Data collection - web scrape

You need 30 minutes to run the below web scraping code. After doing the web scraping, I saved the results as a df_all.RDS file. We have a total of 137 pages of web data. So I wrote a loop up to 137. Other useful information is written as a comment.

library(rvest)
library(tidyverse)
library(stringr)
library(xml2)
library(knitr)
# copy urls
df_urls=data.frame(urls=character()) # create emply df
for (i in 4:7) { # 137 pages. But in order to show you example, I write 4:7 instead of 1:137
  url=paste0('https://realting.com/property-for-sale/poland?page=',i,'&movemap-input=1&slug=property-for-sale&Estate%5Bgeo_id%5D=55&Estate%5Bcurrency%5D=EUR&Estate%5Bx1%5D=3.2080078125000004&Estate%5By1%5D=42.58544425738491&Estate%5Bx2%5D=34.80468750000001&Estate%5By2%5D=59.93300042374631&Estate%5Bzoom%5D=5&sort=-created_at') # create i_th page url
  url=read_html(url) # read i_th page link
  url_all=html_nodes(url,'a') %>% html_attr('href') # all links on i_th page
  url_tail=data.frame(x=url_all[seq(71,129,2)]) # create necessary tail of all links on i_th pag
  url_head=data.frame(y=rep('https://realting.com',nrow(url_tail))) # create same head of all links on i_th page
  url_full=cbind(url_head,url_tail) # column bind two dfs
  url_full$url_long=paste0(url_full$y,url_full$x) # combine head of link and tail of link
  add_url=data.frame(urls=url_full$url_long) 
  df_urls=rbind(df_urls,add_url) # row bind each i_th df
  df_urls=unique(df_urls) # unique and check
}
head(df_urls,3)
##                                                                        urls
## 1                                                    https://realting.comNA
## 2 https://realting.com/property-for-sale/poland/etalon-estate-group/1568763
## 3 https://realting.com/property-for-sale/poland/etalon-estate-group/1568762

I have about 4000 adv links. Each link contains price data and text data. Text data includes other useful information such as count of bedrooms, count of bathrooms, and count of floors…

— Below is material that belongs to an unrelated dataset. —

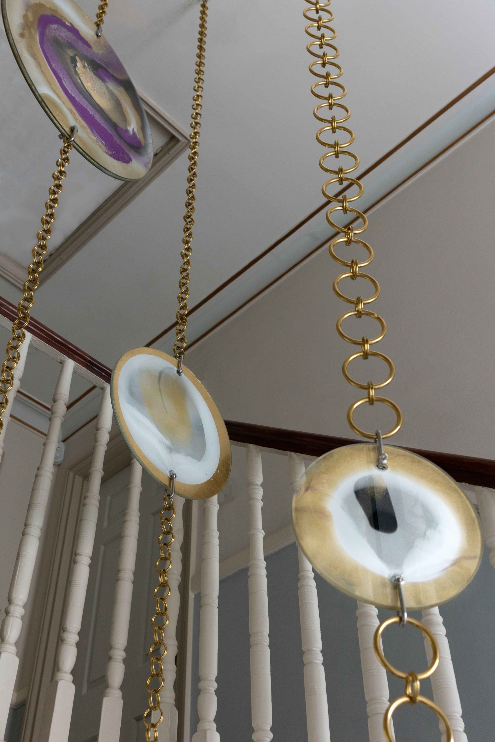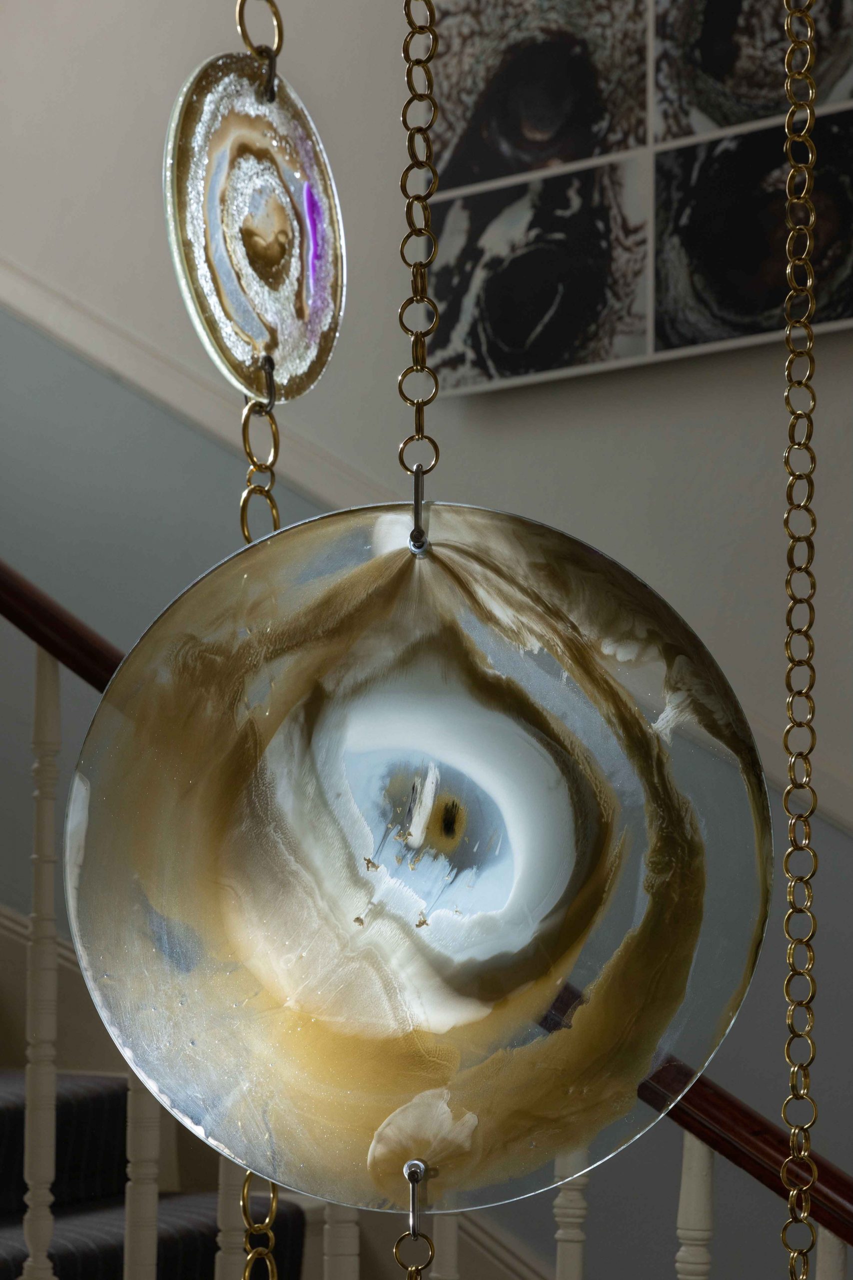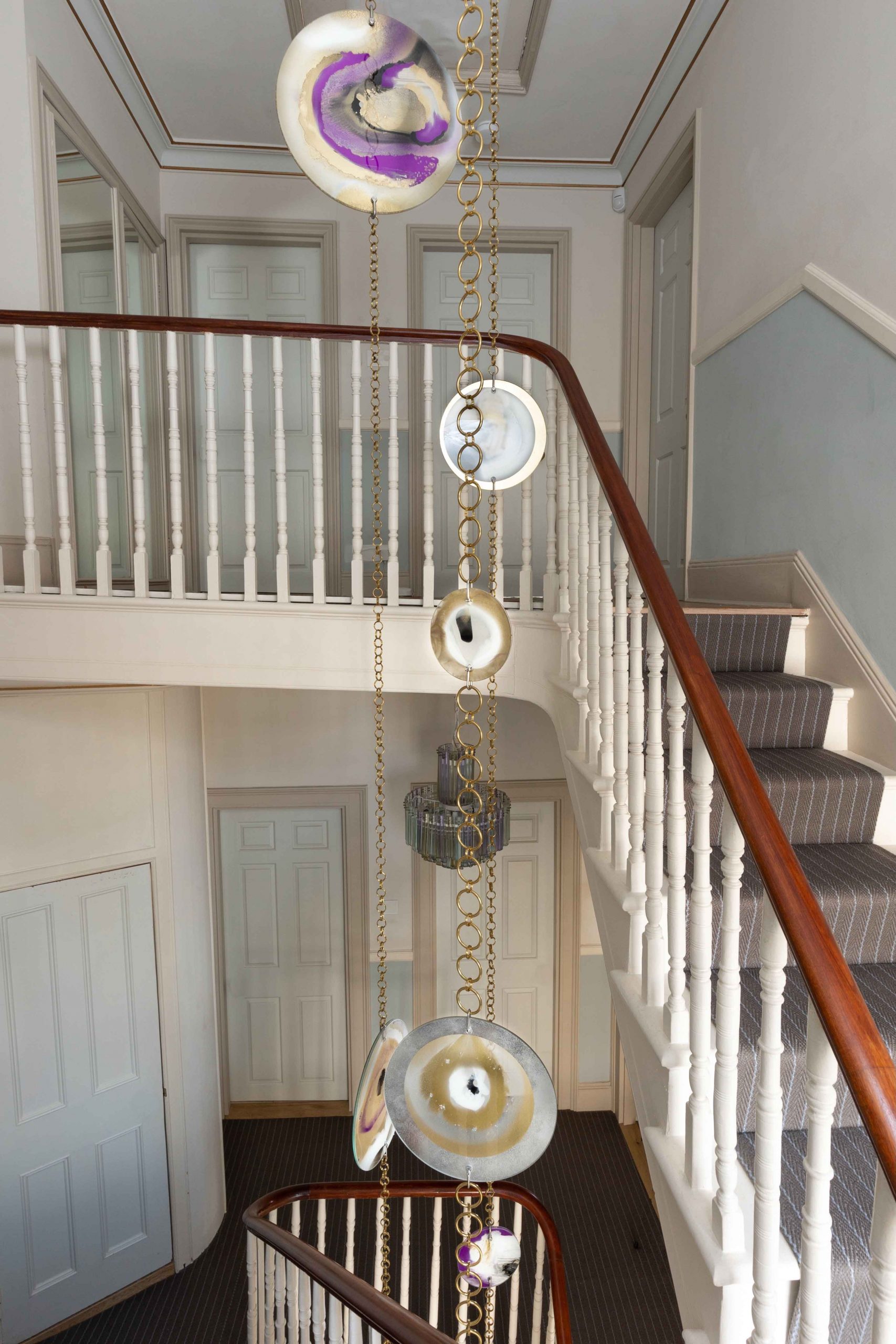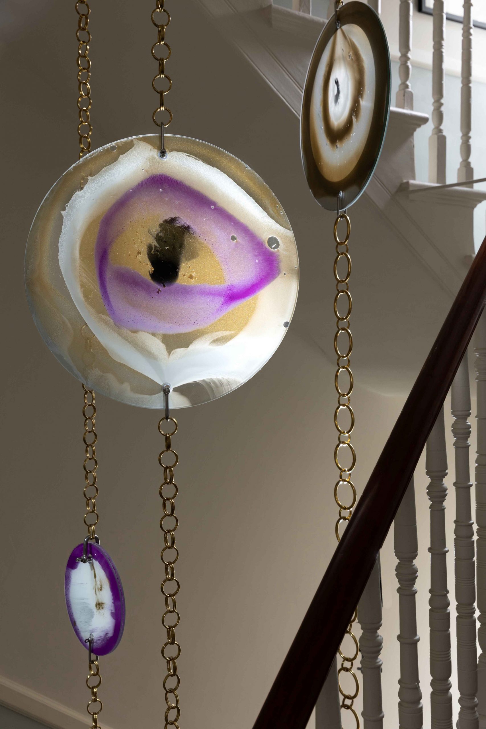 Developing from the core tenet of the Stratified Jewels as conveyors of worthy concepts, values and attitudes, the ‘Pendulum of Attachment’ is an installation of 12 circular glass pieces hung on 3 chains in a stairwell of a house in Mayfair.
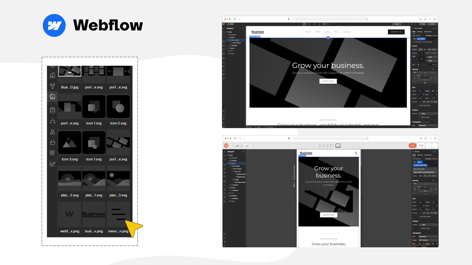 Что важно, у Webflow лучше оптимизация и производительность, поэтому он подходит для более сложных проектов, чем сайты на Тильде. У Вебфлоу мало шаблонов, но это нивелируется возможностью мощной кастомизации с помощью своих визуальных редакторов кода.

# copy price and other data
df_pre=data.frame(y=character(),x=character()) # create empty df. x is text data. y is price data
for (i in 3:8) { # We have about 4000 urls. But in order to show you example, I write 5 instead of nrow(df_urls)
  url_read=read_html(df_urls[i,])
  url_price=html_nodes(url_read,'.price') %>% html_text() # price data of i_th adv
  #url_price=data.frame(y=url_price[1])
  url_text=html_nodes(url_read,'.newb-params') %>% html_text2() # text data of i_th adv. use class names
  df_add=data.frame(x=url_text,y=url_price[1]) # combine price and text data
  df_pre=rbind(df_pre,df_add) # row bind
  df_pre<-unique(df_pre) # unique
}
head(df_pre,1)
##                                                                                                                                                                                                                                                                                                                                                                                                                                                                                                                                                                                                                                                                                                                                                                                                                                                                                                                                                                                                                                                                                                                                                                                                                                                                                                                                                                                                                                                                                                                                                                                                                                                                                                                                            x
## 1 Posted at: 08.02.2023\nUpdated at: 08.02.2023\nLocation\nCountry: Poland\nState: Masovian Voivodeship\nCity: Warsaw\nAddress: Tumska\nApartment parameters\nBedrooms 1\nTotal area: 30 m<U+00B2>\nDescription\nOne-room apartment on the ground floor, in a 2-story tenement house after repairs from 1975 in the Italy district, ul. Tumska. Very good offer for people looking for real estate for investment purposes or as an apartment „ for start ”. Apartment No. 1 On 29.74 m2 there are: Kitchen room ( including new equipment: oven, hood, hob, dishwasher, fridge ) bathroom ( new washing machine and electric stove ) hall The apartment will have a basement and parking space on the patio. The apartment is finished with household appliances in the kitchen and bathroom. Window display: east. Apartment house currently under renovation: staircase facade replacement central gas furnace replacement electricity exchange on the cage and premises of part of the plumbing installation The building will be managed by the community. Further finishes of the building will be planned. Local gas heating, furnace for the entire building. Hot water from the electric stove in the premises. Water and electricity is dazzled. Legal status Ownership. Premises ready to separate land and mortgage registers ( can be purchased on credit ). When buying an apartment, we also purchase a share in the ( approx. 500m plot ), which allows us to use common areas. The neighborhood is mainly single-family houses, which ensures peace and quiet to the Italy 1km PKP station on foot ( SKM / KM 15 min to the center of Warsaw ) 200 m to the bus stop in the near distance Park Capricorn\nContact the agent
##          y
## 1 \210 77,704

There are some important variables of property data for sale in Poland.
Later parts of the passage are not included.